The notice of the General Meeting includes a proposal for the agenda of the meeting. The notice of the General Meeting, documents to be submitted to the General Meeting and draft resolutions to the General Meeting will be available on the Company's website at the earliest two months and at the latest three weeks before the General Meeting.
The Company will disclose on its website the date by which a shareholder shall notify the Board of Directors of the Company of an issue that he or she demands to be included in the agenda of the Annual General Meeting.
The minutes of the General Meeting shall be posted on the Company's website within two weeks of the General Meeting. The documents related to the General Meeting shall be available on the Company's website at least for five years after the General Meeting.
Organization of the General Meeting
According to Company's Articles of Association the General Meeting shall be held in the Company's domicile or in Vantaa or in Helsinki as decided by the Board of Directors of the Company.
To be able to participate in General Meeting, a shareholder must be registered on the record date in Etteplan Oyj's shareholder register, maintained by Euroclear Finland Ltd. A nominee registered shareholder who intends to take part in General Meeting is advised to request the necessary instructions regarding entry in the Company's shareholder register and the issuing of proxy documents from their account holder. A notification by a holder of nominee registered shares for temporary inclusion in the Company's shareholders' register is perceived as prior notice of participation in the General Meeting.

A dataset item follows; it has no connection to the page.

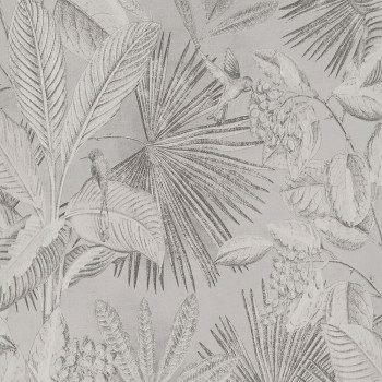 Graue Vliestapete, Motiv Blätter und Vögel, Stoffstruktur.

Shareholders must register for a General Meeting in advance, within the time prescribed in the summons. A shareholder may participate in a General Meeting personally or through a duly authorized proxy. The proxy must present a power of attorney form for such authorization. Upon registration for a General Meeting, the shareholder must report to the Company any powers of attorney issued. The shareholder and proxy may have an assistant present at the meeting.
Attendance of the Board of Directors, Managing Director and Auditor at the General Meeting
The Chairman of the Board of Directors and the members of the Board and its Committees as well as the CEO shall attend the General Meeting. In addition, the Auditor shall be present at the Annual General Meeting.

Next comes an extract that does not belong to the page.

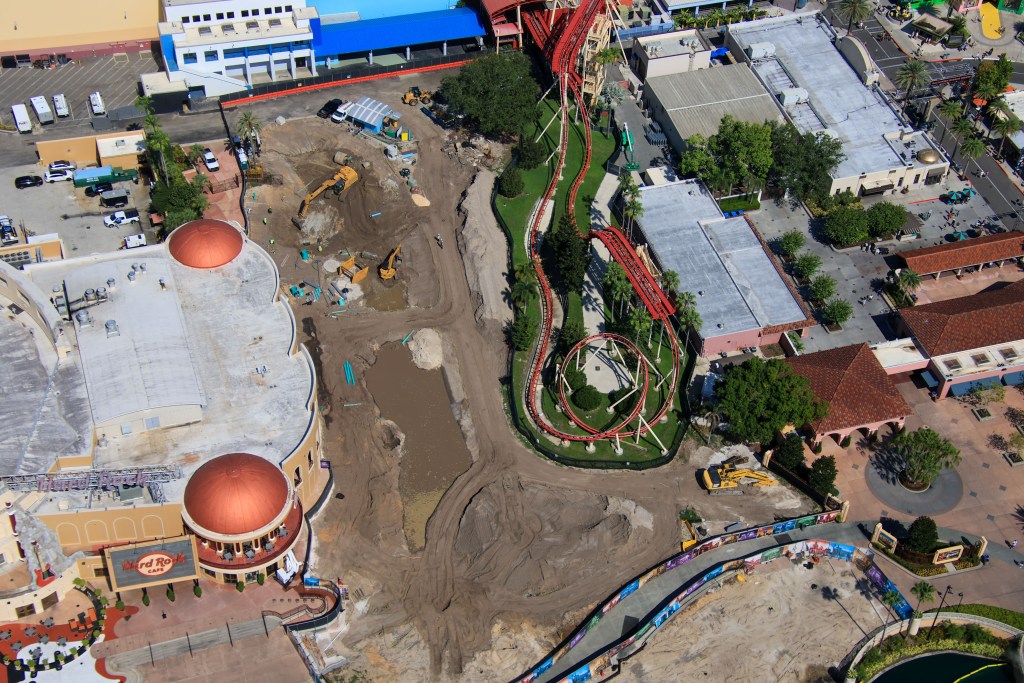 - Image #1: Aerial overview of a work site for the attraction replacing HRRR.

Attendance of a prospective Director at a General Meeting
A person proposed for the first time as Director shall participate in the General Meeting that decides on his or her election, unless there are well-founded reasons for absence.
BOARD
The Board of Directors is responsible for the Company's management and for the due organization of the Company's operations in accordance with the relevant legislation and the Company's Articles of Association. The Board of Directors controls and monitors the Company's operational management, appoints and dismisses the CEO, and approves the major decisions affecting the Company's strategy, capital expenditures, organization, remuneration and bonus systems covering the management, and finances.
Charter of the Board
As part of the Company's corporate governance, Etteplan Oyj's Board of Directors has approved a written charter to control Board work. The Board's charter complements the stipulations of the Finnish Companies Act and the Articles of Association of the Company. The charter of the Board is presented on the Company's website www.etteplan.com.
Meetings of the Board
The Board meets as often as appropriate fulfilment of its obligations requires. In the financial year 2019, the Board held a total of 11 meetings two of which were phone meetings and one an e-mail meeting. The Board members participated in the meetings as follows: Cristina Andersson, Matti Huttunen, Robert Ingman, Leena Saarinen and Mikko Tepponen in 11 meetings, Patrick von Essen in one meeting. In addition to the members of the Board, the Company's CEO attended Board meetings as the Secretary to the Board.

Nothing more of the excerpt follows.